Each person is different. I hope I never have to have my valve replaced again. But I was young when I had it put in, so I'm not certain it will. But I'll cross that bridge when I come to it.

 

[Gail K]

I guess the question would be "Who's lifetime?" I had mine put in when I was 32. If you're 55 and your doctor told you it will last your lifetime - he will most likely be right. If you're 21 and he told you it would last a lifetime - that's most likely being unrealistic. The unknown is tissue encroachment on the valve that would cause it to decrease in function. A mechanical valve will not wear out, but tissue may grow into it in such a way that would make it function in a way that it would need to be replaced. And there are rare times when a clot forms on the valve requiring it to be replace.

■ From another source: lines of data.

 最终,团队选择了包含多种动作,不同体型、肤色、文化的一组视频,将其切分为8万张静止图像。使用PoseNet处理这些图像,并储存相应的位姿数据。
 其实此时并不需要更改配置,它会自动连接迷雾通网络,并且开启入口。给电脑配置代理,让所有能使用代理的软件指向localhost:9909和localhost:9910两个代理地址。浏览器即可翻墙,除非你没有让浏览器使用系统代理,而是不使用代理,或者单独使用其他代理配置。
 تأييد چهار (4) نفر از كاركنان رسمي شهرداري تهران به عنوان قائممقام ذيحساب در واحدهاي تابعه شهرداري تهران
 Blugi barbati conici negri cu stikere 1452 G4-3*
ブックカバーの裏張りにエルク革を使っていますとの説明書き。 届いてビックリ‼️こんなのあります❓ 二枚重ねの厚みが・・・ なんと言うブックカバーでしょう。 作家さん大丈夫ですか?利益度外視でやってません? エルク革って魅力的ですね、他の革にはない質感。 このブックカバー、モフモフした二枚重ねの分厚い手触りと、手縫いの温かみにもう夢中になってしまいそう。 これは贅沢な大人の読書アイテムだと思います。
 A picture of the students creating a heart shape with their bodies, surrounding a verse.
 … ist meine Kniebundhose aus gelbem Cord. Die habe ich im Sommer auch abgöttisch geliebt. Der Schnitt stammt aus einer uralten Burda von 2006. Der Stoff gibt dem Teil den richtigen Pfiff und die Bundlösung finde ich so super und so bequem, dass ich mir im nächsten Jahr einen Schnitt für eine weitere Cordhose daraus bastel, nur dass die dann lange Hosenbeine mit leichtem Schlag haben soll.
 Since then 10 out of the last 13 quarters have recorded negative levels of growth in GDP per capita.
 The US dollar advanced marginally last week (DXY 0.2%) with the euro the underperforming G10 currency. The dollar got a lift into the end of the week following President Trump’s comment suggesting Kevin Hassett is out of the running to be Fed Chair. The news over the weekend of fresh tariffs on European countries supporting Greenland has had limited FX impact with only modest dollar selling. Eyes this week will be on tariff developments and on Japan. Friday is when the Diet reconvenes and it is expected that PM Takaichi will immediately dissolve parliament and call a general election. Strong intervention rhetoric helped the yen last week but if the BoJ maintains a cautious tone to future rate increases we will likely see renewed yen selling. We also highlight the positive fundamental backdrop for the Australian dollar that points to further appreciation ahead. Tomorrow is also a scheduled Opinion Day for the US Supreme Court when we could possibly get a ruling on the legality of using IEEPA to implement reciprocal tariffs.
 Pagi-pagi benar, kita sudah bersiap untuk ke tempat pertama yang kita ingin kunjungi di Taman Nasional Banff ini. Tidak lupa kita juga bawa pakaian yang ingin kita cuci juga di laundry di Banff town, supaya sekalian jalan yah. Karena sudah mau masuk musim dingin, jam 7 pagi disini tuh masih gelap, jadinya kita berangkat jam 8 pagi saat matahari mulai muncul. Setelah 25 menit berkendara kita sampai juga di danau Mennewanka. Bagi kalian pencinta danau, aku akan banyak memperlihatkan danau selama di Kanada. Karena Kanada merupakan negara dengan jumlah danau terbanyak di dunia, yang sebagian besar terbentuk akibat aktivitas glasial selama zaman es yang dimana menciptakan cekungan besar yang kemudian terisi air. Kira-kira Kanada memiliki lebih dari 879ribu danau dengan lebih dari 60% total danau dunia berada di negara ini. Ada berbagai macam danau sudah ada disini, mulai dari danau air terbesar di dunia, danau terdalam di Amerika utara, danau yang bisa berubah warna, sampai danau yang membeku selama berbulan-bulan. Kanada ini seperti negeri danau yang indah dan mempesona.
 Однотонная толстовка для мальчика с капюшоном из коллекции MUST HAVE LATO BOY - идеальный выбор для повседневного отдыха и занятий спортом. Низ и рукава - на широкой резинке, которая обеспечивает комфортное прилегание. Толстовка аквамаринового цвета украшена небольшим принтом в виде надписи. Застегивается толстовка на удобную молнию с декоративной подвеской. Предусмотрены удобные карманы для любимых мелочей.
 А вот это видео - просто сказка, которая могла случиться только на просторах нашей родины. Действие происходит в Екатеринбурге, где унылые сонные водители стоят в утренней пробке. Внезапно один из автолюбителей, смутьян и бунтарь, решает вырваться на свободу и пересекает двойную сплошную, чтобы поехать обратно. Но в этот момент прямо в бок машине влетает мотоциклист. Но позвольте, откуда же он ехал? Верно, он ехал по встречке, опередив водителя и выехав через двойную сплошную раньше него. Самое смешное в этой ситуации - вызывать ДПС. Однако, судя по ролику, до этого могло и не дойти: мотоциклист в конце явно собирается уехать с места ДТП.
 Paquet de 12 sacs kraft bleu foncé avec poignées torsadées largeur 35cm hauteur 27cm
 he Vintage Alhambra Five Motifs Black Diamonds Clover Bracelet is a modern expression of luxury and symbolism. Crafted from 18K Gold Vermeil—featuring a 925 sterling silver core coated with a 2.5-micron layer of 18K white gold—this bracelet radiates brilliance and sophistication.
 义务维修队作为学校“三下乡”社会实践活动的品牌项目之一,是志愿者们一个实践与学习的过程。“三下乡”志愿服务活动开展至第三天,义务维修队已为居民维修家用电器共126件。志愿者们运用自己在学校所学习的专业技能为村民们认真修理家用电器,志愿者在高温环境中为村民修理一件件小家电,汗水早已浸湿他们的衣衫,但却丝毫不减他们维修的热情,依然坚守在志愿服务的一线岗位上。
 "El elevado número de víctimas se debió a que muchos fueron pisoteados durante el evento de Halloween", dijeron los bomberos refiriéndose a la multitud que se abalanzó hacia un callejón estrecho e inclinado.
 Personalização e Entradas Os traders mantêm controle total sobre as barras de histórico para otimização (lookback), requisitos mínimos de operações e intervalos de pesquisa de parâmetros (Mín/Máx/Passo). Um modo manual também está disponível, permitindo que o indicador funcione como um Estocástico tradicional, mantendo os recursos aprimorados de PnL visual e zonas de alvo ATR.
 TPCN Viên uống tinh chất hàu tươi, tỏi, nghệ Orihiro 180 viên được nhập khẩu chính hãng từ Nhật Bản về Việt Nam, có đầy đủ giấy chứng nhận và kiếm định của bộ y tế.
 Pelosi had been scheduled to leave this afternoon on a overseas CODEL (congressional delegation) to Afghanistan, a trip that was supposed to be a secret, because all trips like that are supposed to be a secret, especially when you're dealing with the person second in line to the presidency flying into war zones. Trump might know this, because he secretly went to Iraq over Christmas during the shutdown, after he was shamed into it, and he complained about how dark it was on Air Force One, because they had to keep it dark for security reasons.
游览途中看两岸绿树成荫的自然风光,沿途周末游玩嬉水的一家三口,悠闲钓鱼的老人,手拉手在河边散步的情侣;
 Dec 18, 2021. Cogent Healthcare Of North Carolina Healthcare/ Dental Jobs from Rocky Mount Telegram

Each person is different. I hope I never have to have my valve replaced again. But I was young when I had it put in, so I'm not certain it will. But I'll cross that bridge when I come to it.

Thanks Karlynn. I didn't realize that. I hope your mechanical valve does last your entire lifetime.

 

[gadoty1]

I just wanted to tell you guys that i decided on the on-x valve and all of your comments helped me to feel reassured about everything. The biggest hump for me to get over was just being ok with the fact that i need another surgery. After reading thru the site and asking a couple questions i am secure that i am making the right decision and i am not all that scared of coumadin anymore. Thanks!